Thomas Dodd (1883–1963) was a Manx dialect performer, a member of The Peel Players and a student of the Manx language.

== Personal life ==
Tom Dodd was born in Douglas, where he attended Douglas Grammar School. He spent his whole professional career with the Isle of Man Bank, eventually as the manager of the Peel branch. He retired due to ill health in 1929 after 35 years of service. Dodd also played a prominent role in Peel social circles as he was member of the Peel Ward Library Committee for over 40 years, chairman of the Peel Golf Club, and the Peel Board of Guardians.

== The Peel Players ==
Tom Dodd was a founding member of the Peel Players, who performed from 1912 until the death of Sophia Morrison in 1917. During that time, Dodd performed in at least three plays by Christopher R. Shimmin: The Charm, Illiam Kodhere’s Will, and Dooinney Moyllee. It was through these performances that the Peel Players came to be regarded today as possibly the most significant Manx dialect theatre company in Manx history.

== Manx language ==
Dodd was said to be interested in 'anything Manx', and he came to be an eager learner of the Manx language by the time he went to live in Peel.

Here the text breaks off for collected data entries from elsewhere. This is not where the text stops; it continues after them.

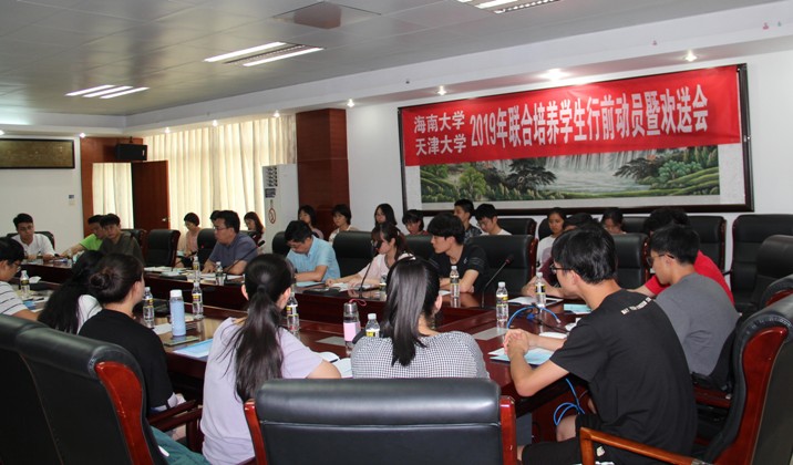 2019年6月26日下午,海南大学与天津大学2019年联合培养学生行前动员暨欢送会在海南大学行政办公楼401会议室召开,教务处、学生工作部(处)相关人员、相关学院辅导员及全体学生参加会议,会议由教务处黄绵佳副处长主持。
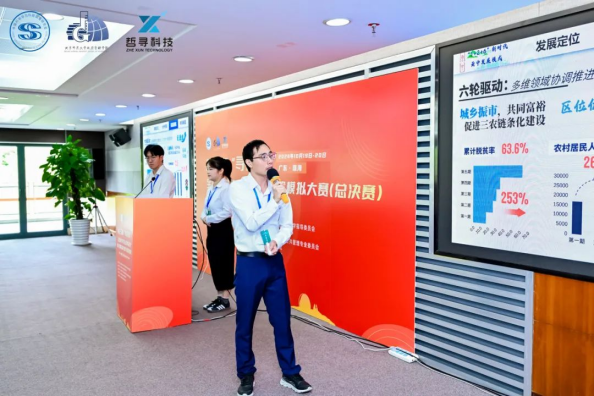 大赛由公共管理方案设计、公共管理决策演练沙盘对抗以及现场团队答辩三部分构成。10月19日,全国90支队伍被分为9组,共进行五期沙盘决策博弈。通过汇总决策博弈和一个星期前各队伍提交的公共管理规划方案的综合成绩,确定18支队伍晋级最终的答辩环节。太阳集团tyc138博学笃行队凭借完善的规划方案设计和出色的沙盘对抗表现,以小组第一的成绩突破重围,取得答辩资格。
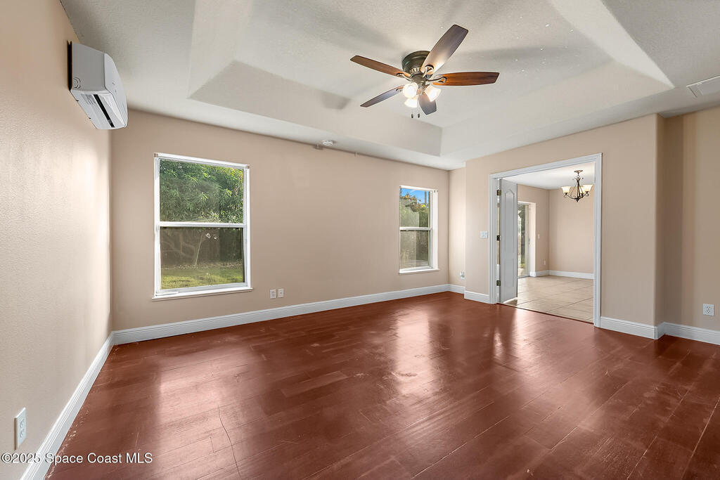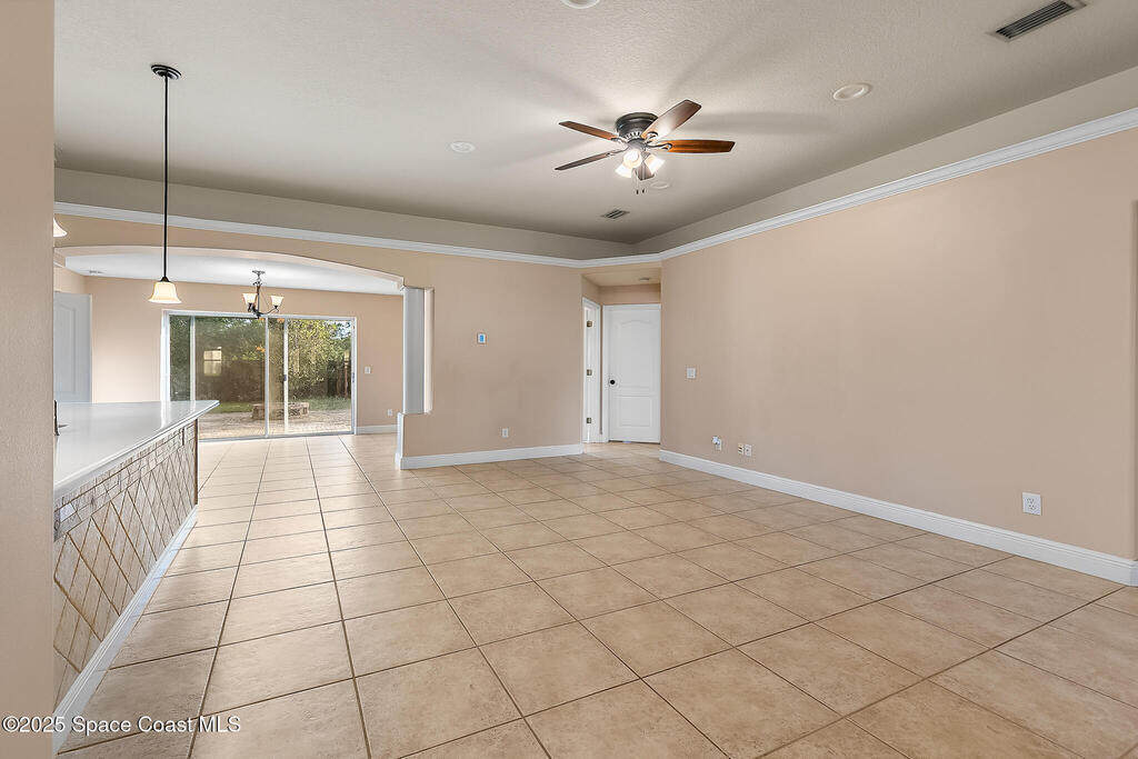 Welcome to this beautifully maintained 4 bedroom, 2 bathroom home offering serene views and a thoughtfully designed open floor plan. This home includes a formal living room and dining room--perfect for entertaining--as well as a huge eat-in kitchen with ample cabinet and counter space, ideal for any home chef. The primary suite is a true retreat, featuring double door entry, tray ceilings, a large walk-in closet, and an ensuite bath with a Jacuzzi tub, linen closet, and separate shower. The laundry room is conveniently located off the kitchen and includes a utility area and additional storage. Outdoor highlights: Multiple mature fruit trees: Glenn Mangoes, Everbearing Mulberry, Suriname Cherry, Jaboticaba, Blue Java Banana Trees, Red & White Dragon Fruit. Irrigation is on well water to keep the yard lush! This unique property combines comfort, efficiency, and natural beauty -- a must-see for those seeking space and sustainability!
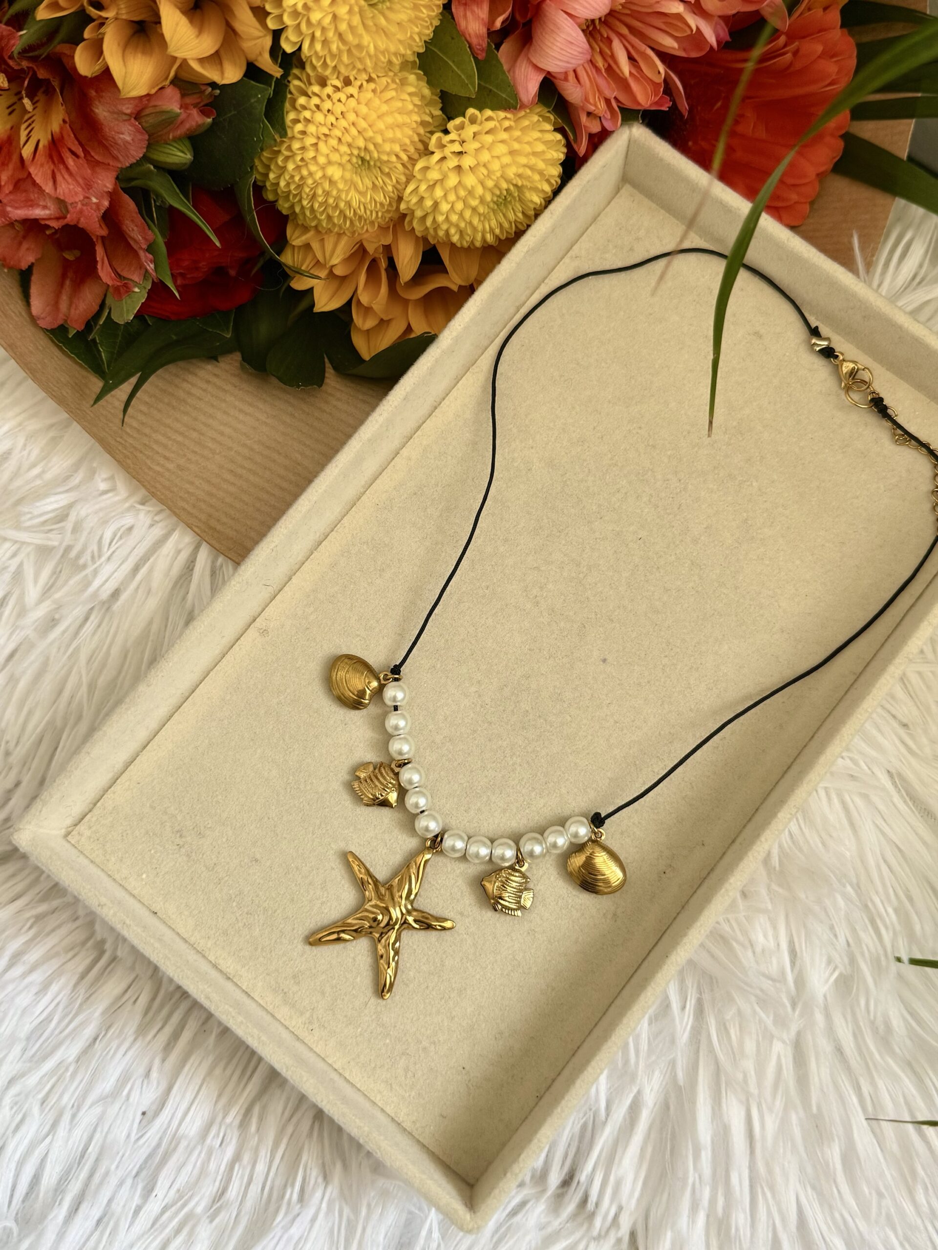 Ατσάλινο 100% χειροποίητο κολιέ με ακρυλικές πέρλες, ατσάλινα κρεμαστά και σκοινί.. Μέγεθος: 45 εκατοστά με 5 εκατοστά επιμήκυνση.
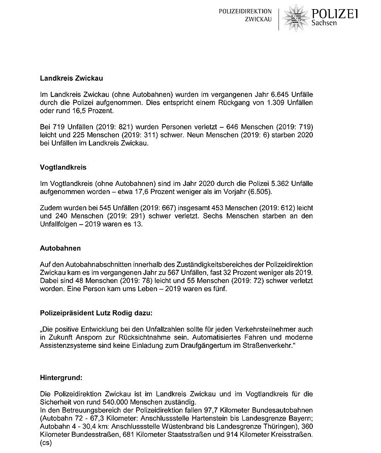 Verkehrsbericht 2020 der Polizeidirektion Zwickau
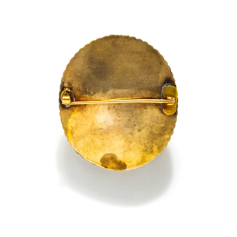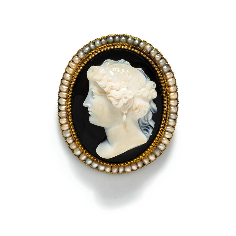 YELLOW GOLD, SEED PEARL, AND HARDSTONE CAMEO BROOCH
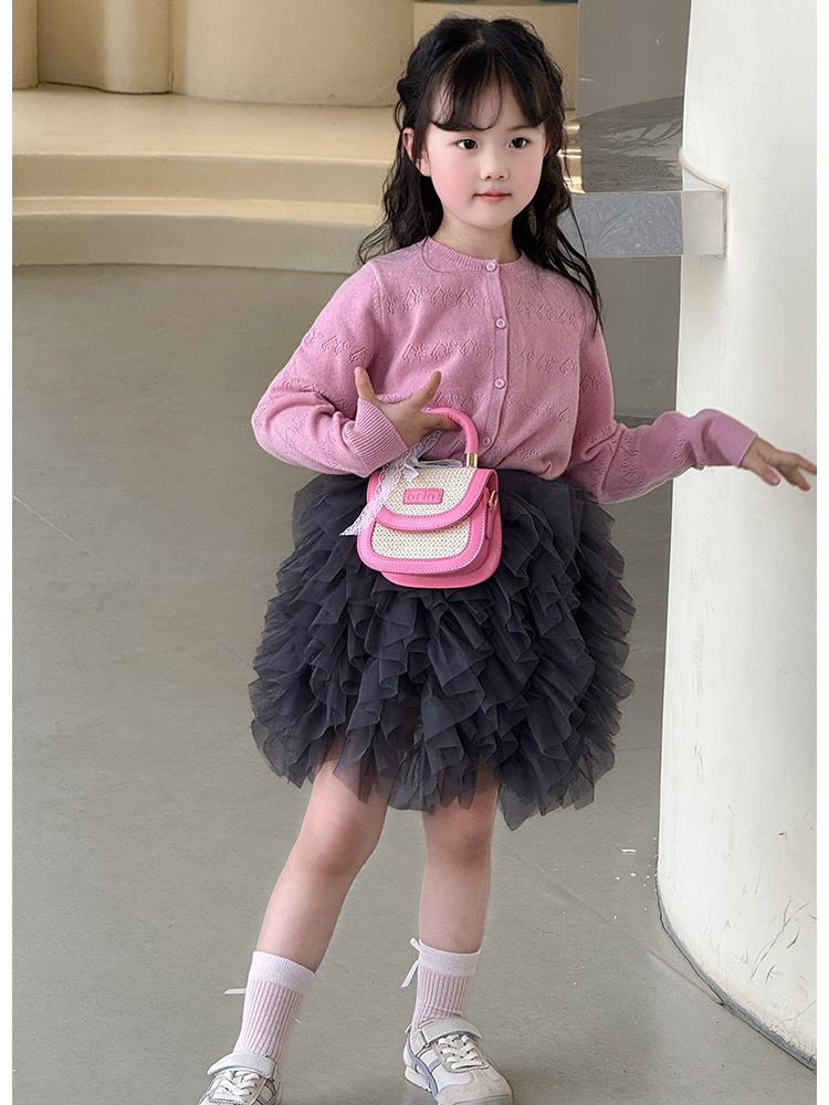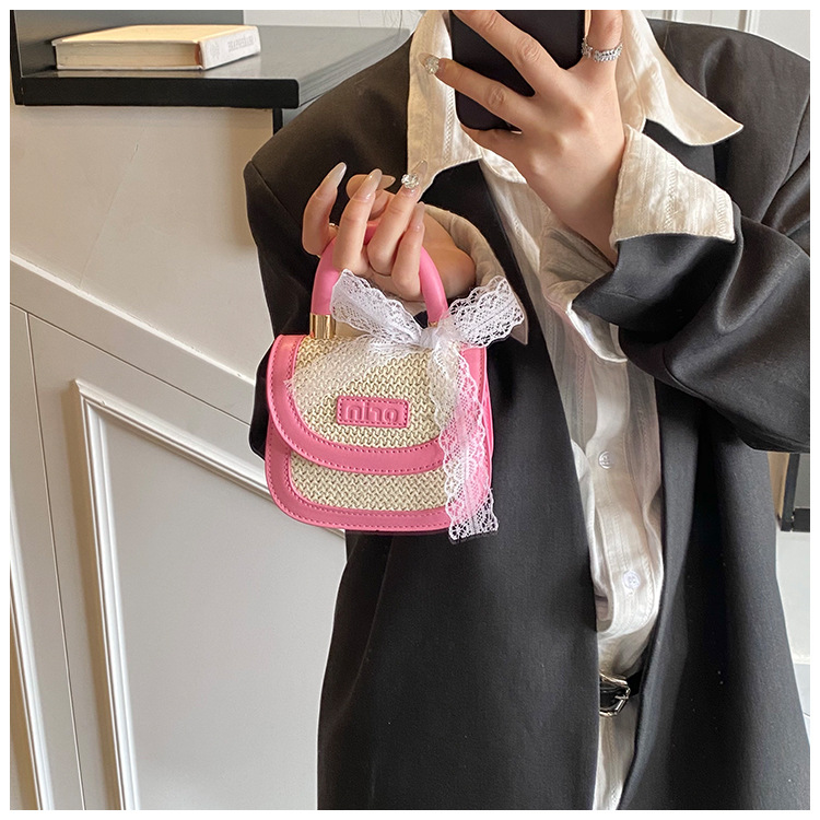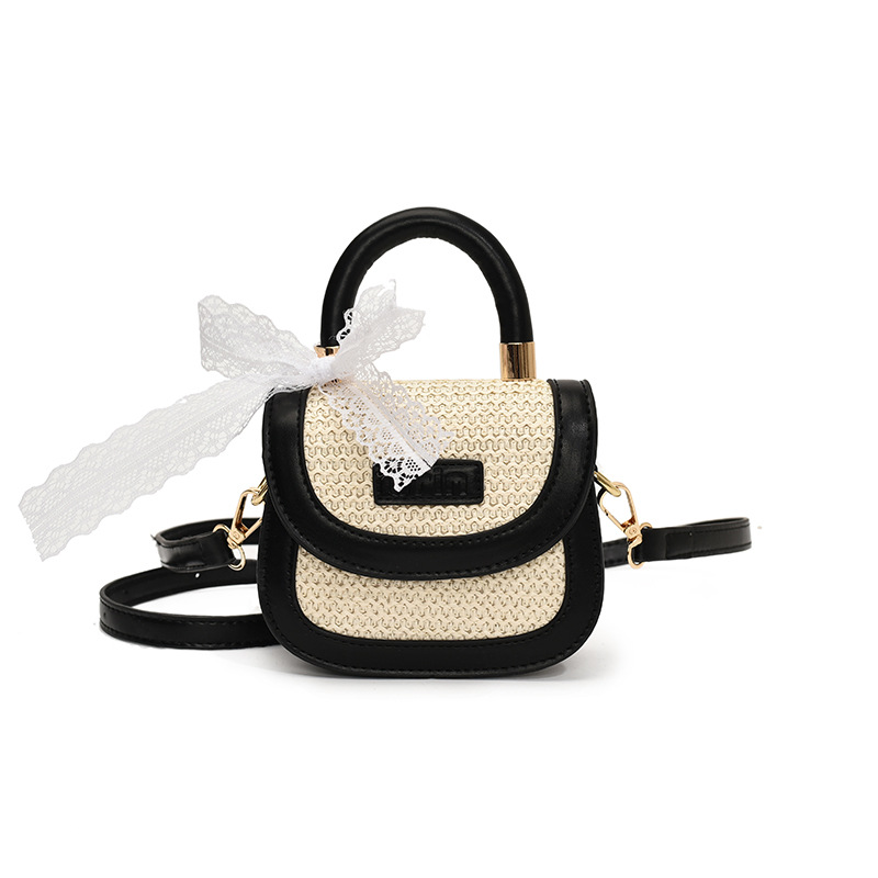 소녀와 어린이를 위한 한국식 틈새 디자인 밀짚 대비 색상 핸드백, 패셔너블한 공주 크로스바디 립스틱 헤드폰 가방

He attended Manx language classes at the Harbour Master's office in Peel, along with other prominent members of the Manx revival such as Leslie Quirk and Lewis Crellin. He became an influential member of the language community, particularly through his work to expand the written materials available to learners, which were limited at that time to the Manx Bible and Edmund Goodwin's First Lessons in Manx. Dodd and other Manx language students helped to promote the language by organising events such as Manx language church services and readings.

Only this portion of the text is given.